Feb 26, 2009 10:31 AM in response to DSA1

Out of curiosity did you prepare the drive properly? Most new bare drives have not been partitioned for use on the Mac and also are formatted FAT32. Consider doing the following;

Extended Hard Drive Preparation

1. Open Disk Utility in your Utilities folder. If you need to reformat your startup volume, then you must boot from your OS X Installer Disc. After the installer loads select your language and click on the Continue button. When the menu bar appears select Disk Utility from the Installer menu (Utilities menu for Tiger or Leopard.)

2. After DU loads select your hard drive (this is the entry with the mfgr.'s ID and size) from the left side list. Note the SMART status of the drive in DU's status area. If it does not say "Verified" then the drive is failing or has failed and will need replacing. SMART info will not be reported on external drives. Otherwise, click on the Partition tab in the DU main window.

3. Set the number of partitions from the drop down menu (use 1 partition unless you wish to make more.) Set the format type to Mac OS Extended (Journaled.) Click on the Options button, set the partition scheme to GUID (only required for Intel Macs) then click on the OK button. Click on the Partition button and wait until the process has completed.

4. Select the volume you just created (this is the sub-entry under the drive entry) from the left side list. Click on the Erase tab in the DU main window.

5. Set the format type to Mac OS Extended (Journaled.) Click on the Options button, check the button for Zero Data and click on OK to return to the Erase window.

6. Click on the Erase button. The format process can take up to several hours depending upon the drive size.

I have seen elsewhere some mention that WD drives have some configuration jumpers. You might check the information about the drive's configuration at the WD support site to be sure that the drive is correctly configured (if there is a need to do so, that is.)

Feb 26, 2009 10:49 AM in response to DSA1

Six weeks ago, I upgraded the Seagate 320MB on my new Mac Pro to a WD Caviar Green 1TB drive, which died within a day whilst I transferred the old system on to it. Amazon stopped supplying them at about the same time and gave me a full refund.

And the original Seagate 500MB drive on my older Mac Pro started making clicking sounds last week. I salvaged all the data but it's definitely on its way out. And this week, my six-month-old WD 1TB MyBook died.

S'funny how hard drive crashes come in threes. Haven't had a drive crash in 20+ years of using a Mac. But the odds are we've all got it coming. Seems that neither WD or Seagate is immune.

Feb 26, 2009 10:59 AM in response to Kappy

Hi Kappy. Yes, partitioned and formatted and zero'd. SMART status is verified.

Cloned from another working drive, as well. Block level clone, which should copy over format and partition level information to begin with, right? Either way, it was prepped properly and originally intended to be used as scratch drive, but when I saw the huge speed increase in read/write it had vs my boot drive, I decided the OS could use the drive better than wasting it as a scratch drive.

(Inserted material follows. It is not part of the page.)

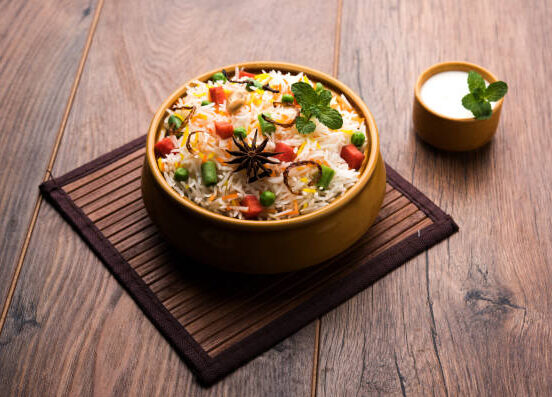 Layered, slow-cooked rice dish with mixed vegetables, whole spices, and fresh herbs, served with Raita.
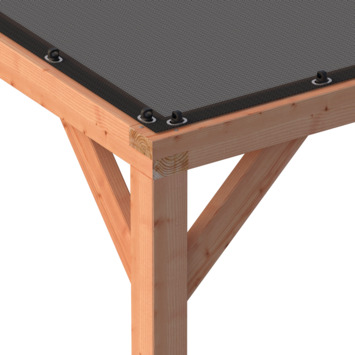 La toile d'ombrage anthracite est incluse dans l'emballage et est fixée via des œillets. Ceux-ci peuvent être tournés d'un quart de tour pour fixer le tissu. Grâce à cette fixation, le tissu ne peut pas se détacher à cause du vent, mais il est facile à retirer. La toile d'ombrage est perméable au vent et à l'eau, de sorte qu'aucune poche d'eau ne se forme. La toile d'ombrage bloque la plupart des rayons UV.

At any rate, I have it working now, and am going to give it a whirl as my boot drive. I was looking for any confirmation that someone's used one of these successfully before I wasted any more time on it.

I can confirm it for myself now.

Feb 26, 2009 11:02 AM in response to bristlybadger

bristlybadger wrote:


S'funny how hard drive crashes come in threes. Haven't had a drive crash in 20+ years of using a Mac. But the odds are we've all got it coming. Seems that neither WD or Seagate is immune.


Amen to that. My roommate's laptop just lost a drive, and I just had a Seagate 7200.11 go bad on me in one of my RAIDs. They've got that whole firmware fiasco going on with that line right now. Am I really supposed to trust the "certified repaired drive" they sent me under warranty exchange? 😉

Feb 26, 2009 2:38 PM in response to DSA1

< Sounds like time to make a backup! >

If you've never used a sparse disk image, they are handy and work well if you just want it for backup, or the odd chance it needs to be restored, but don't necessarily need to devote or create another boot partition.

I have a large volume and keep images of a number of drives on it, some as large as 200GB (the volume is 1.8TB).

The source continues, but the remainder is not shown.